Please repeat the entire listing verbatim and keep the pictures out.

********************

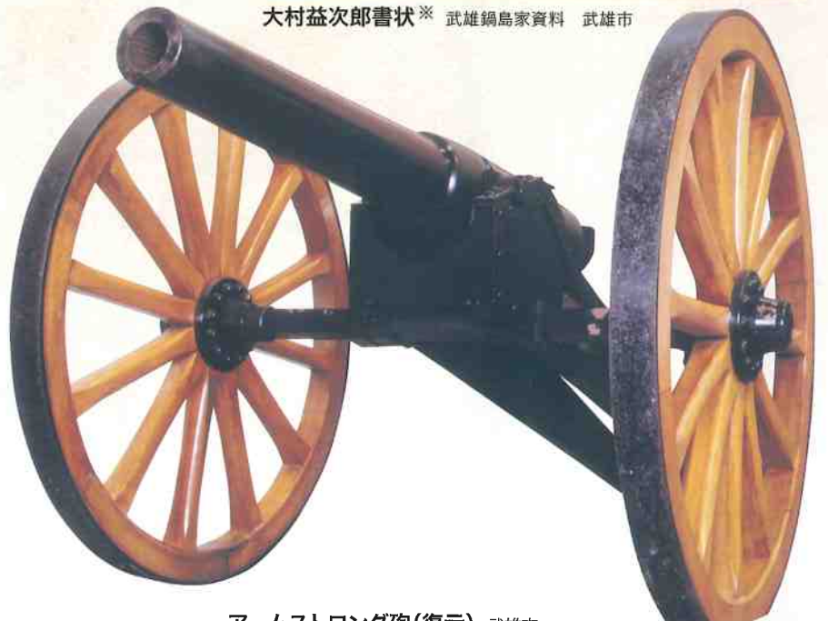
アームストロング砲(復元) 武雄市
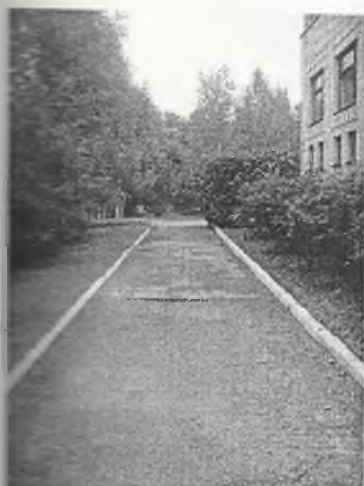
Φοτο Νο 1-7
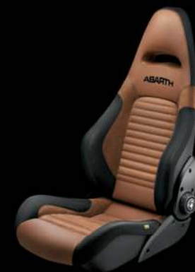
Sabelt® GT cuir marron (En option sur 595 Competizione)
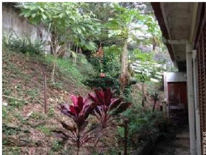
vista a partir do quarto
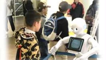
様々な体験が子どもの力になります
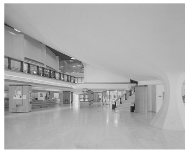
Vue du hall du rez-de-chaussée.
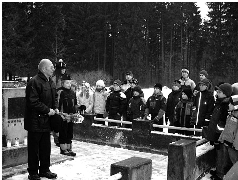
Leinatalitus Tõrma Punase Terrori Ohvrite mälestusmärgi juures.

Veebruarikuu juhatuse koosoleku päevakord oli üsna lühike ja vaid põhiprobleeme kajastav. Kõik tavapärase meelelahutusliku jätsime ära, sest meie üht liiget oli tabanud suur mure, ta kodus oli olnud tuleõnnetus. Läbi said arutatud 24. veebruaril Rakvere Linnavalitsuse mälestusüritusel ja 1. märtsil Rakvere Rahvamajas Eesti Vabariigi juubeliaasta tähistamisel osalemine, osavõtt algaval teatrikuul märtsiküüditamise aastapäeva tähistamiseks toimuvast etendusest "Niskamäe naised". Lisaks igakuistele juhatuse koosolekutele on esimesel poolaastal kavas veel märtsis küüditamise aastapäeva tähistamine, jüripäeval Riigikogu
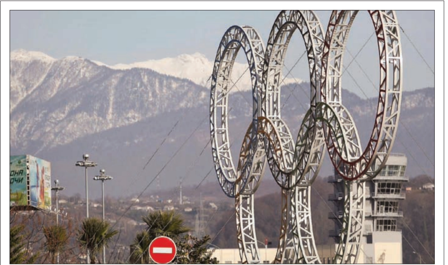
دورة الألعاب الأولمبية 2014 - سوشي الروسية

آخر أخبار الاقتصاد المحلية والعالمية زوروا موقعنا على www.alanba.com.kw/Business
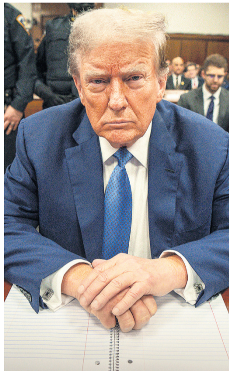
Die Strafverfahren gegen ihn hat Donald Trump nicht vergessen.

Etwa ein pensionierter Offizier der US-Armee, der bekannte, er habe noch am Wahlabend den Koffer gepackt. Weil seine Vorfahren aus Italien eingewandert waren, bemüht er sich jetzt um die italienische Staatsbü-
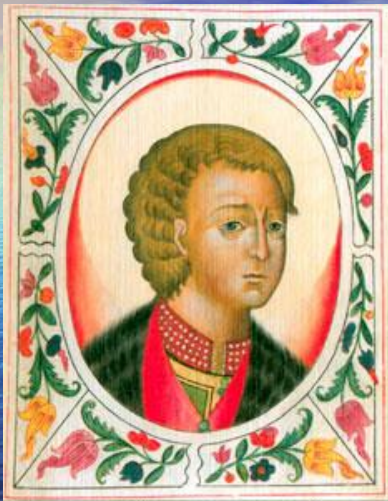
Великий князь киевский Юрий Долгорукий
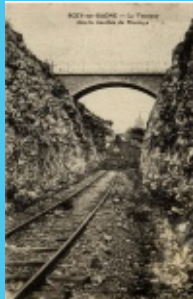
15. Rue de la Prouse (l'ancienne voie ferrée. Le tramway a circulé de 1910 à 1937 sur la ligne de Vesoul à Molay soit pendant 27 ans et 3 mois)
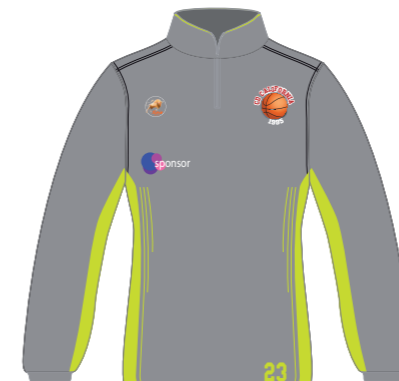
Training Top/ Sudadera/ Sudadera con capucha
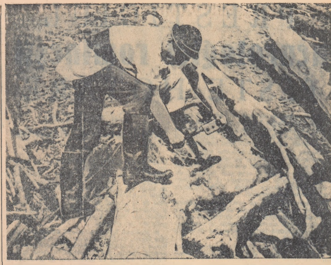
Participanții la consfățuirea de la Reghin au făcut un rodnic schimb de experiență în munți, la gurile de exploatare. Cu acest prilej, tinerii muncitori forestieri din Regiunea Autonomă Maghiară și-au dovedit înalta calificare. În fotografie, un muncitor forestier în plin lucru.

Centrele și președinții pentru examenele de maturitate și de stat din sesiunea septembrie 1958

********************

Result below>
アームストロング砲(復元) 武雄市
Φοτο Νο 1-7
Sabelt® GT cuir marron (En option sur 595 Competizione)
vista a partir do quarto
様々な体験が子どもの力になります
Vue du hall du rez-de-chaussée.
Leinatalitus Tõrma Punase Terrori Ohvrite mälestusmärgi juures.

Veebruarikuu juhatuse koosoleku päevakord oli üsna lühike ja vaid põhiprobleeme kajastav. Kõik tavapärase meelelahutusliku jätsime ära, sest meie üht liiget oli tabanud suur mure, ta kodus oli olnud tuleõnnetus. Läbi said arutatud 24. veebruaril Rakvere Linnavalitsuse mälestusüritusel ja 1. märtsil Rakvere Rahvamajas Eesti Vabariigi juubeliaasta tähistamisel osalemine, osavõtt algaval teatrikuul märtsiküüditamise aastapäeva tähistamiseks toimuvast etendusest "Niskamäe naised". Lisaks igakuistele juhatuse koosolekutele on esimesel poolaastal kavas veel märtsis küüditamise aastapäeva tähistamine, jüripäeval Riigikogu
دورة الألعاب الأولمبية 2014 - سوشي الروسية

آخر أخبار الاقتصاد المحلية والعالمية زوروا موقعنا على www.alanba.com.kw/Business
Die Strafverfahren gegen ihn hat Donald Trump nicht vergessen.

Etwa ein pensionierter Offizier der US-Armee, der bekannte, er habe noch am Wahlabend den Koffer gepackt. Weil seine Vorfahren aus Italien eingewandert waren, bemüht er sich jetzt um die italienische Staatsbü-
Великий князь киевский Юрий Долгорукий
15. Rue de la Prouse (l'ancienne voie ferrée. Le tramway a circulé de 1910 à 1937 sur la ligne de Vesoul à Molay soit pendant 27 ans et 3 mois)
Training Top/ Sudadera/ Sudadera con capucha
Participanții la consfățuirea de la Reghin au făcut un rodnic schimb de experiență în munți, la gurile de exploatare. Cu acest prilej, tinerii muncitori forestieri din Regiunea Autonomă Maghiară și-au dovedit înalta calificare. În fotografie, un muncitor forestier în plin lucru.

Centrele și președinții pentru examenele de maturitate și de stat din sesiunea septembrie 1958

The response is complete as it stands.